Using Marking or the Find and F3 thing experiment with \s+, [^\s]+, [\x20\t], and [^\x20\t] to see what happens with your data.

\d matches the decimal digits [0-9]. It’s not quite as deadly as \s which includes the end of line marks as \d only matches about 100 other characters:

²³
¹
٠١٢٣
٤٥٦٧٨٩
۰۱۲۳۴۵۶۷۸۹
߀߁߂߃߄߅߆߇߈߉
०१२३४५६७८९
০১২৩৪৫৬৭৮৯
੦੧੨੩੪੫੬੭੮੯
૦૧૨૩૪૫૬૭૮૯
୦
୧୨୩୪୫୬୭୮୯
0௧௨௩௪௫௬௭௮௯
౦౧౨౩౪౫౬౭౮౯
೦೧೨೩೪೫೬೭೮೯
൦൧൨൩൪൫൬൭൮൯
๐๑๒๓๔๕๖๗๘๙
໐໑໒໓໔໕໖໗໘໙
༠༡༢༣༤༥༦༧༨
༩
၀၁၂၃၄၅၆၇၈၉
႐႑႒႓႔႕႖႗႘႙
០១២៣៤៥៦៧៨៩
᠐᠑᠒᠓᠔᠕᠖᠗᠘᠙
᥆᥇᥈᥉᥊᥋᥌᥍
᥎᥏
᧐᧑᧒᧓᧔᧕᧖᧗᧘᧙
᭐᭑᭒᭓᭔᭕᭖᭗᭘᭙
᮰᮱᮲᮳᮴᮵᮶᮷᮸᮹
᱀᱁᱂᱃᱄᱅᱆᱇᱈᱉
᱐᱑᱒᱓᱔᱕᱖᱗᱘᱙
꘠꘡꘢꘣꘤꘥꘦꘧꘨꘩
꣐꣑꣒꣓꣔꣕꣖꣗꣘꣙
꤀꤁꤂꤃꤄꤅꤆꤇꤈꤉
꩐꩑꩒꩓꩔꩕꩖꩗꩘꩙
０１２３４５６７８９

For your data you can safely experiment with [0-9]+, [^0-9]+, \d+, and [^\d]+ though should discover that [^0-9]+ and [^\d]+ also match end of line marks.

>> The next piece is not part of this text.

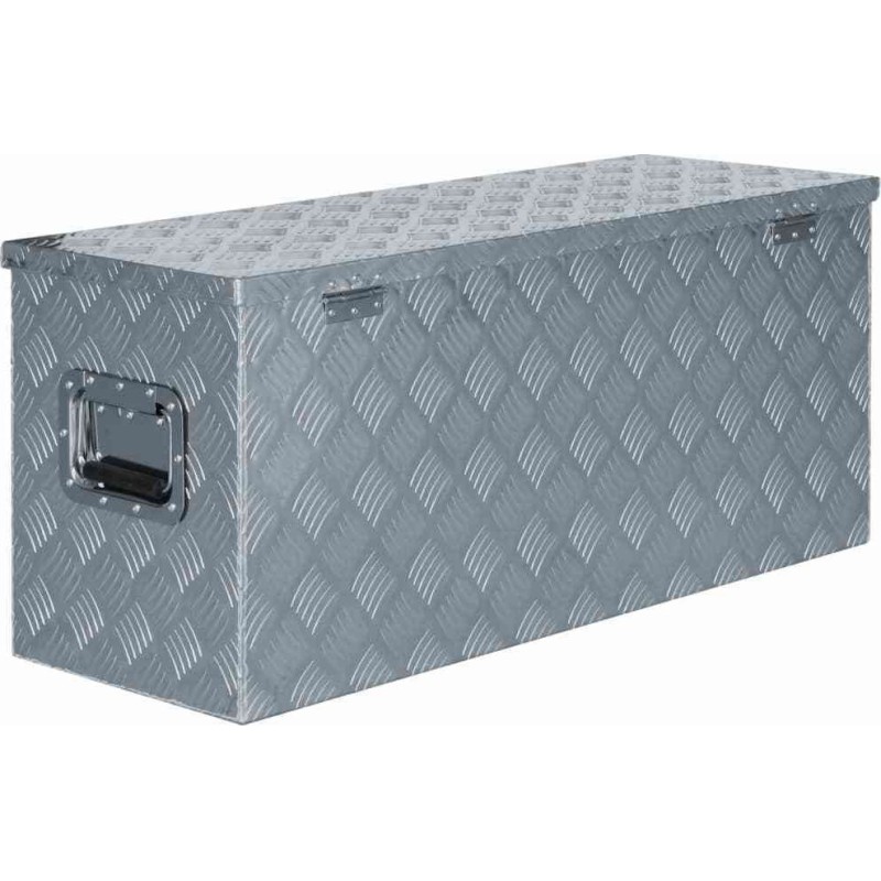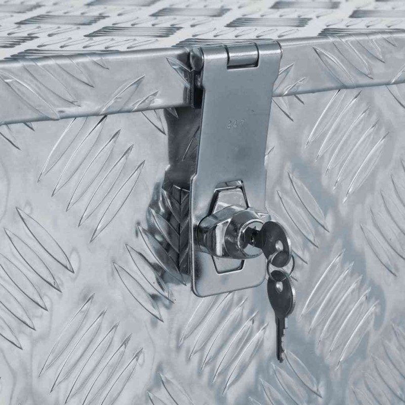 Die Ausführung aus hochwertigem, geriffeltem Aluminiumblech garantiert, dass die Kiste für die Anhängerdeichsel langlebig und rostbeständig ist. Der großzügige Stauraum eignet sich zur Aufbewahrung von Werkzeugen, Zubehör und Ausrüstung. Für zusätzliche Sicherheit ist sie zudem mit einem Schloss ausgestattet (2 Schlüssel sind im Lieferumfang enthalten).

To make [^0-9]+ and [^\d]+ less inclusive you could experiment with [^0-9\r\n]+ and [^\d\r\n]+ or even [^0-9\s]+ and [^\d\s]+.

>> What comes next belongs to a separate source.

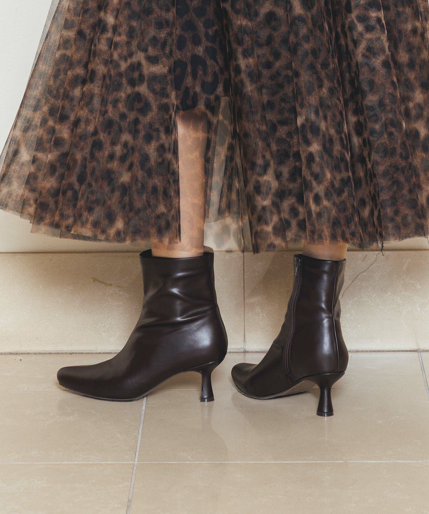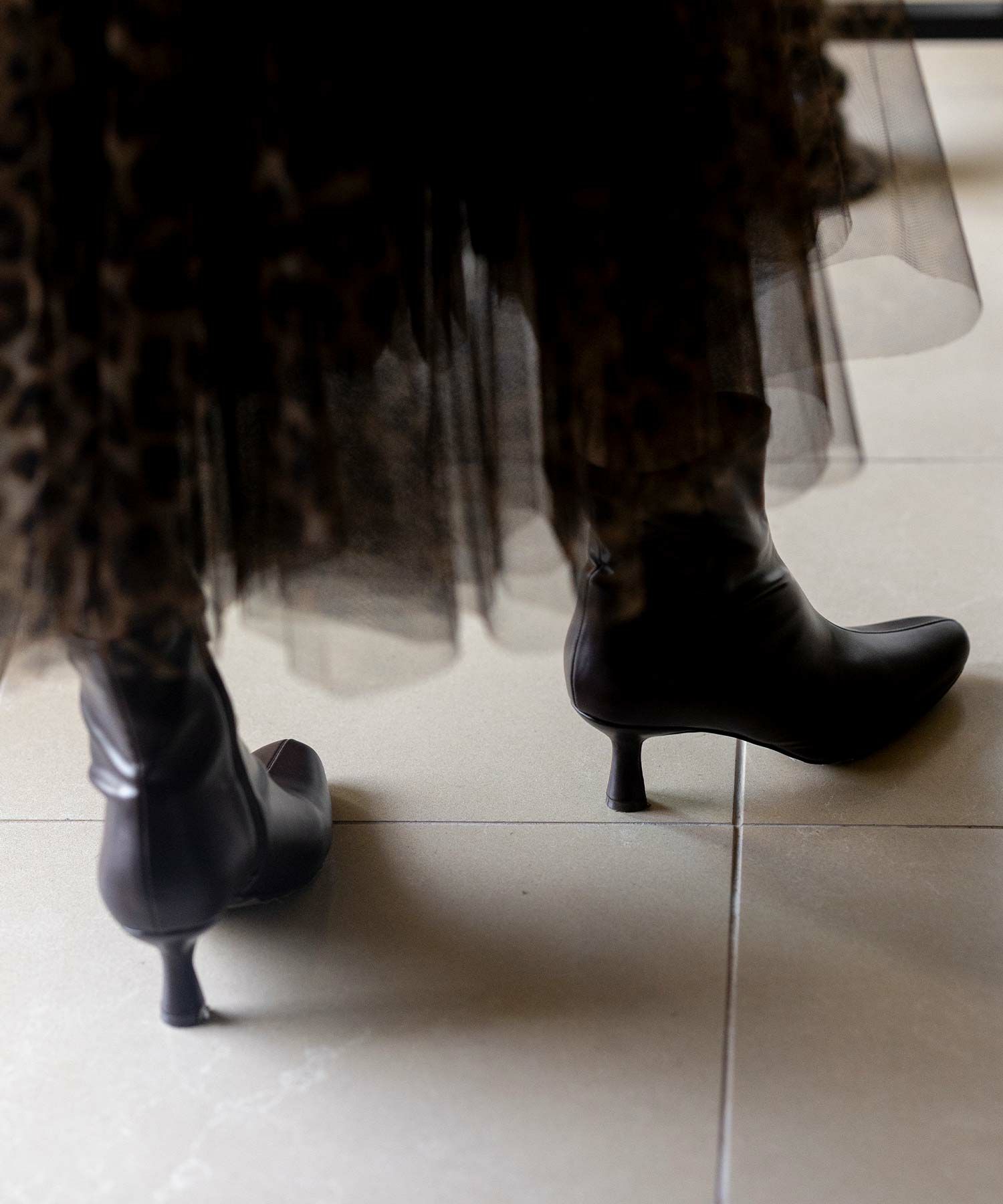 すっきりとしたトゥのラインと、細身の筒がエレガントな印象のショートブーツ。

While \R matches end of line marks you can’t use it within [ ] blocks. Experiment with [\R] or [^\R] to discover that it matches or or does not match just the letter R. The reason for this exception is that \R is handled like (\r\n|\r|\n). While \R matches \r\n it does not match \n\r in that order though it will match the \n and then matches the \r. That little business of matching the two character \r\n but not \n\r is why \R can’t be used within [ ] blocks.

Coises

@mkupper said in Notepad++ Searching by columns for non alpha characters:

The A-Z, a-z alphabetic, and 0-9 characters are all contiguous within themselves in ASCII, ANSI, and Unicode. Maybe you are thinking of EBCDIC?

I’m not sure what was on my mind. I haven’t used EBCDIC since 1991, but… I should have checked my memory, in any case. Thank you for catching that.

Ray Naylor

@Coises
Thank you soo much! Works perfectly now.